To understand the definition of the derivative, start with the case \(n=m=1\text{.}\) The derivative of \(f\) at \(x_0\) is a number \(f'(x_0)\) such that
\begin{equation*}
f(x_0 + h) -f(x_0) \approx f'(x_0)h
\end{equation*}
for \(h\) near \(0\text{.}\) The meaning of "approximately equals \(\ldots\) for \(h\) near \(0\)" is made precise by using a limit.
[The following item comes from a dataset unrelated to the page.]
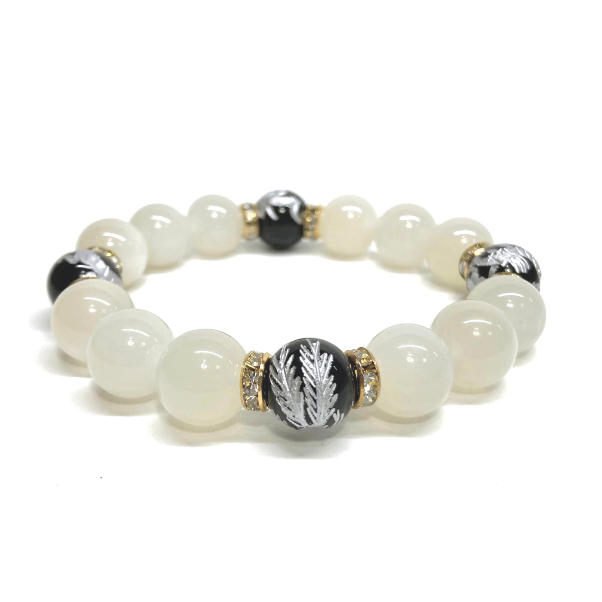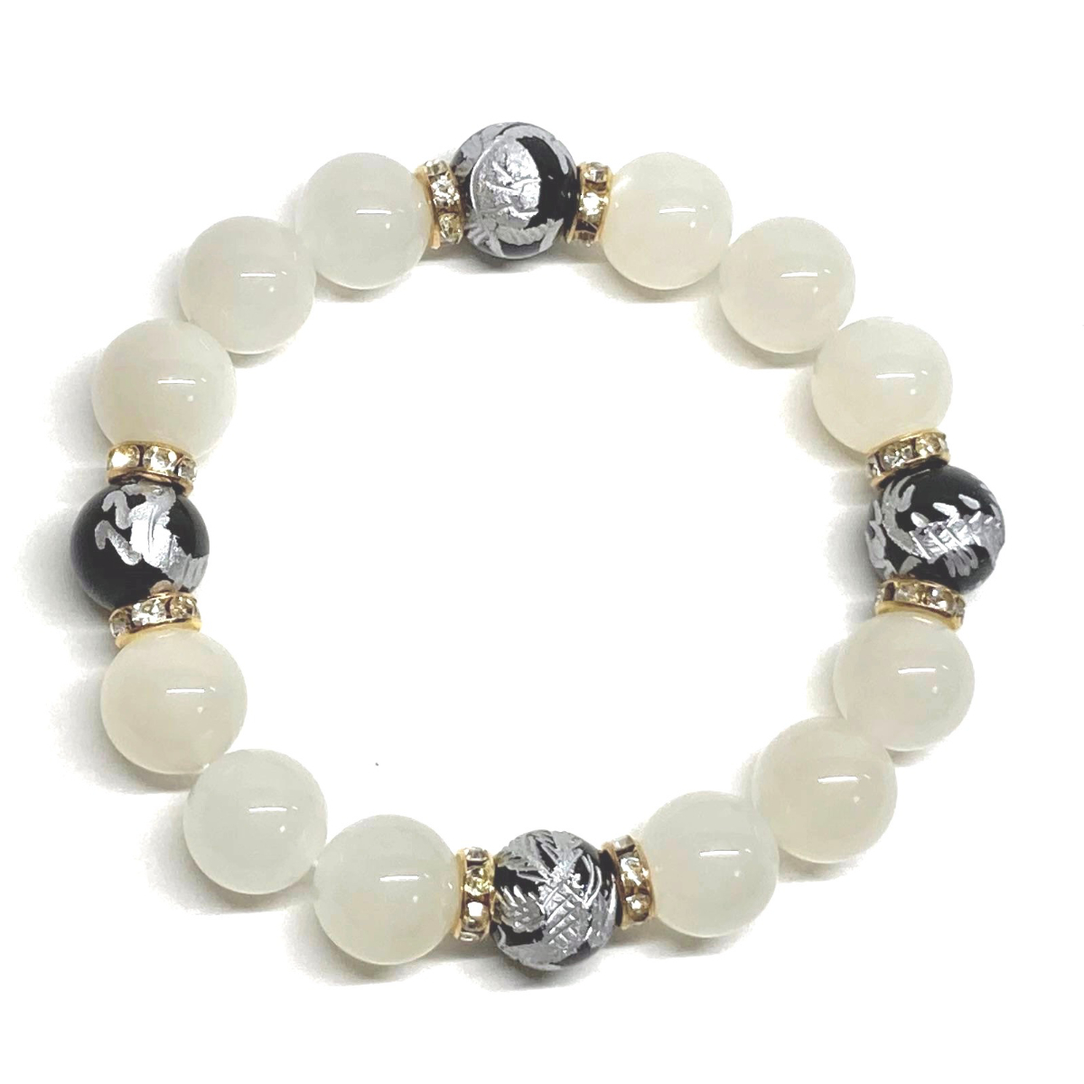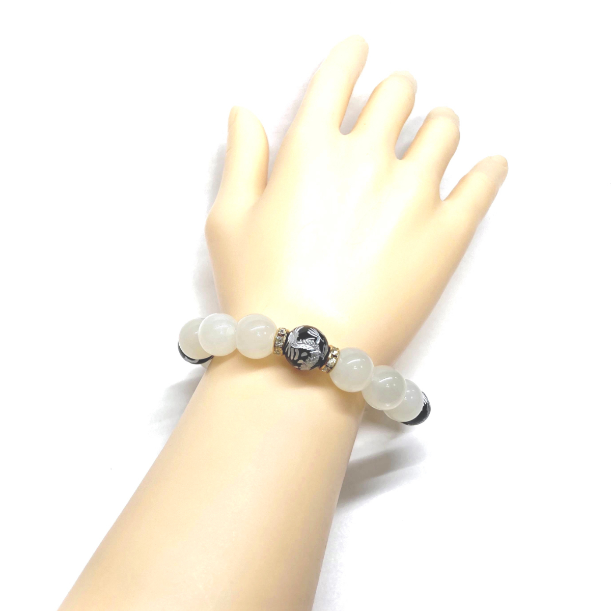 こちらは、四神獣銀彫オニキとムーンストーンを組み合わせたパワーストーンブレスレットです。四神獣は、中国の伝説で4つの方向(東西南北)を守護する神聖な神。四神獣、厄災から身を守り、多くの運気を呼び込むと言われております。石大きさは程よくインパクトのある12mm玉で内周 約17cmです。 数に限りがございますので気になる方はお早めにどうぞ。
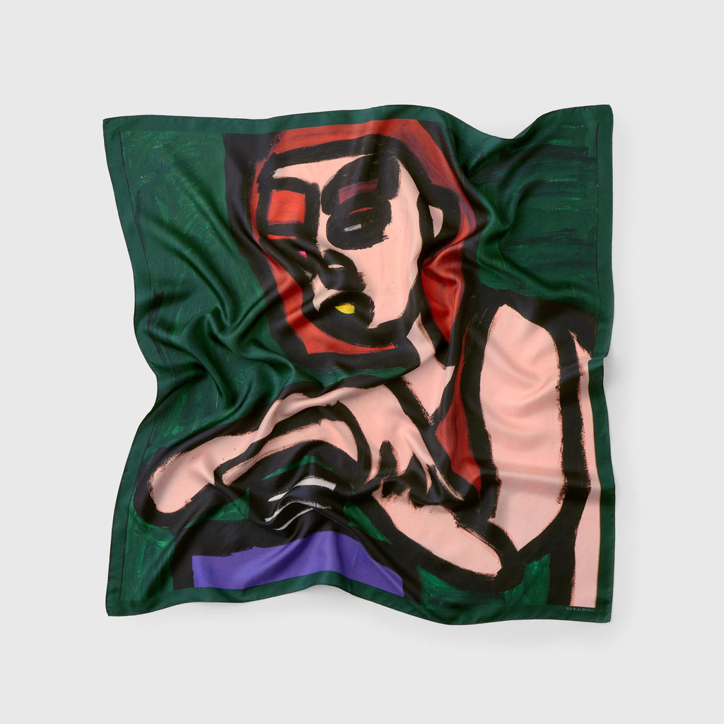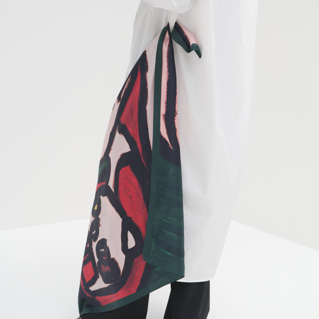 製造工程から見直しを図り、「表も裏も美しい」スカーフに仕上がりました。作品のエネルギーを失うことなく再現するため、シルク素材100%にこだわり、ハリのあるなめらかな肌触りで、首に巻いたときの心地よさも特徴です。

To generalize to higher dimensions, interpret \(f'(x_0)h\) as the value of a linear transformation that sends \(h\) to \(f'(x_0)h\text{.}\) The derivative \(Df(\mathbf{x}_0)\) of \(f\) at \(\mathbf{x_0}\) is a linear transformation such that
\begin{equation*}
f(\mathbf{x}_0 + \mathbf{h}) -f(\mathbf{x}_0) \approx Df(\mathbf{x}_0)\mathbf{h}
\end{equation*}
for \(\mathbf{h}\) near \(\mathbf{0}\text{.}\) Putting \(\mathbf{h} = t\mathbf{e}_j\text{,}\) this reads
\begin{equation*}
f(\mathbf{x}_0 + t\mathbf{e}_j) -f(\mathbf{x}_0) \approx Df(\mathbf{x}_0)t\mathbf{e}_j
\end{equation*}
for \(t\) near \(0\text{.}\) Dividing both sides by \(t\) and taking a limit, we get an expression for \(Df(\mathbf{x}_0)\mathbf{e}_j\text{.}\)
\begin{equation}
Df(\mathbf{x}_0)\mathbf{e}_j = \lim_{t\to 0}
\frac{f(\mathbf{x}_0 + t\mathbf{e}_j) -f(\mathbf{x}_0)}{t} =
\left(\frac{\partial y_1}{\partial x_j}, \frac{\partial y_2}{\partial
x_j},\ldots, \frac{\partial y_m}{\partial x_j}\right)\tag{4.2}
\end{equation}
where \(\mathbf{y}=(y_1,y_2,\ldots,y_m) = f(x_1,x_2,\ldots,x_n) =
f(\mathbf{x})\text{.}\) From this it follows that \(Df(\mathbf{x}_0)\text{,}\) if it exists, is represented by the matrix \(\left[\frac{\partial
y_i}{\partial x_j}\right]\text{.}\)
\begin{equation}
[Df(\mathbf{x}_0)] = \left[\frac{\partial y_i}{\partial x_j}\right]\tag{4.3}
\end{equation}
Subsection 4.2 The Chain Rule
Consider the composition of functions
\begin{equation*}
\R^p \stackrel{g}{\longrightarrow} \R^n
\stackrel{f}{\longrightarrow} \R^m
\end{equation*}
and suppose \(g\) is differentiable at \(\mathbf{t}_0\) and \(f\) is differentiable at \(\mathbf{x}_0=g(\mathbf{t}_0)\text{.}\) The chain rule says that \(f\circ g\) is differentiable at \(\mathbf{t}_0\text{,}\) and that the derivative of the composition is the composition of the derivatives.
\begin{equation}
D(f\circ g)(\mathbf{t}_0) = Df(\mathbf{x}_0) Dg(\mathbf{t}_0)\tag{4.4}
\end{equation}
This explains the "tree diagram rule" given in most multivariate calculus texts. The partial derivative \(\frac{\partial y_i}{\partial t_j}\) is just the \(i,j\) entry of the product of the derivative matrices for \(f\) and \(g\text{.}\)
\begin{equation}
\frac{\partial y_i}{\partial t_j} = \sum_{k=1}^n \frac{\partial y_i}{\partial x_k}\frac{\partial x_k}{\partial t_j}\tag{4.5}
\end{equation}
Exercises 4.3 Exercises
2.
Explain equation (4.2). Why does the limit on the left equal the vector on the right?
\begin{equation*}
\lim_{t\to 0} \frac{f(\mathbf{x}_0 +
t\mathbf{e}_j) -f(\mathbf{x}_0)}{t}=
\left(\frac{\partial y_1}{\partial x_j}, \frac{\partial
y_2}{\partial x_j},\ldots, \frac{\partial y_m}{\partial x_j}\right)
\end{equation*}
3.
Explain equation (4.3). How does this equation follow from the previous?